I destabilized so quickly. At the end of it all, the net result was only a small gain. I was left with just a slight reduction in side effects versus the very real risk of initiating a major mood swing, which could have taken over a year to control (my mind has always been fertile ground for stubborn low-grade depressions). Or I could have needed a major increase in drugs to produce the very state of equilibrium I had relished for almost a decade and had so unceremoniously discarded. I had foolishly jeopardized my longstanding stability.
It’s safe to say we’ll never be inoculated against the vicissitudes of bipolar disorder, so we must work with the existing range of psychotropic medications in various permutations.
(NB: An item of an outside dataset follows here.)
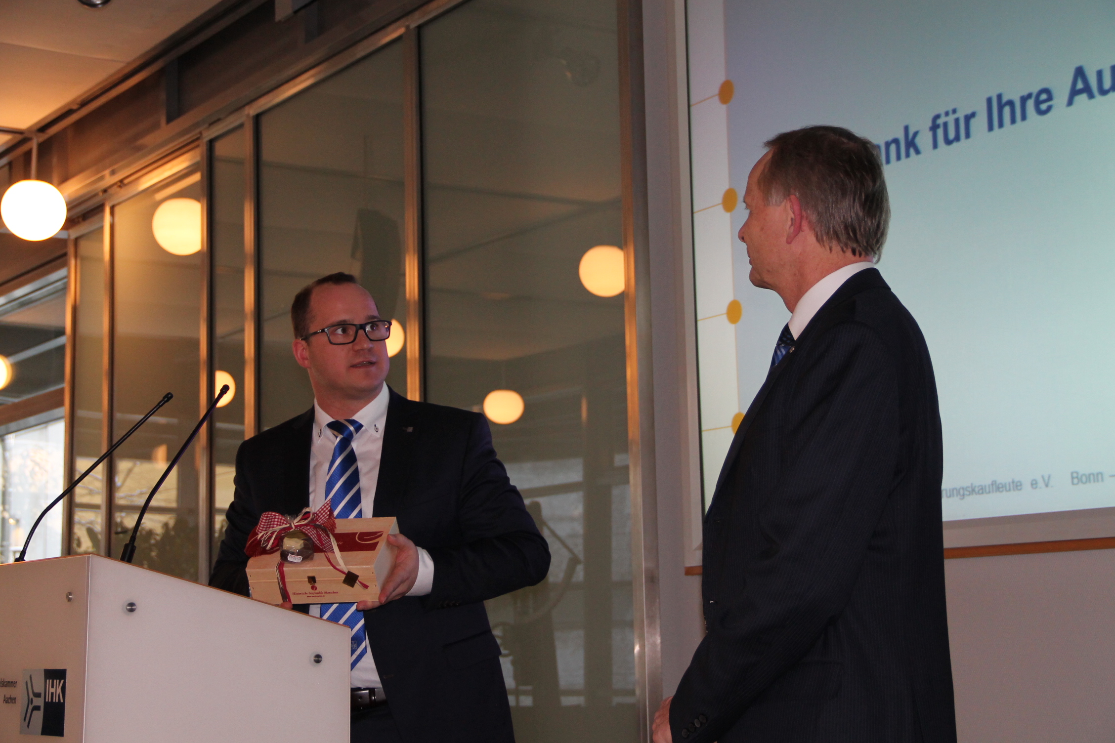 Der Vorstand des Bezirksverbandes bedankt sich herzlich bei Herrn Zander für seinen Besuch in Aachen. Außerdem gilt großer Dank der IHK-Aachen für die gute Zusammenarbeit und die gemeinschaftliche Durchführung der Informationsveranstaltung.

It’s also imperative to have a good rapport with our psychiatrists or doctors, so we feel comfortable sharing the challenges we’re having with side effects. I was deeply saddened when I read author Sarah Manguso’s words of heartache regarding her best friend abruptly discontinuing his medication without his psychiatrist’s approval because of intolerable side effects, which resulted in tragedy: “He’d expected the pills to be poisonous, so he didn’t question the side effects, didn’t ask the doctor for something else, another pill, another dose, another combination.” We must all try to advocate for ourselves as patients because sometimes no one else will.
“It’s also imperative to have a good rapport with our psychiatrists, or doctors, so we feel comfortable sharing the challenges we’re having with side effects.”
I have now fully embraced that I am beholden to a certain level of antipsychotics until I take my last breath, and I am stable once again, full of gratitude. I guarantee I won’t be modifying my medication anytime soon.
When the episode came to an end, I was like a bowl repaired in the tradition of the Japanese art of Kintsugi. Whereby broken pottery is mended using lacquer mixed with powdered gold to fill in the cracks, resulting in a new and very different looking piece of pottery but just as strong as before.
“The world breaks everyone,
many are strong at the broken places.”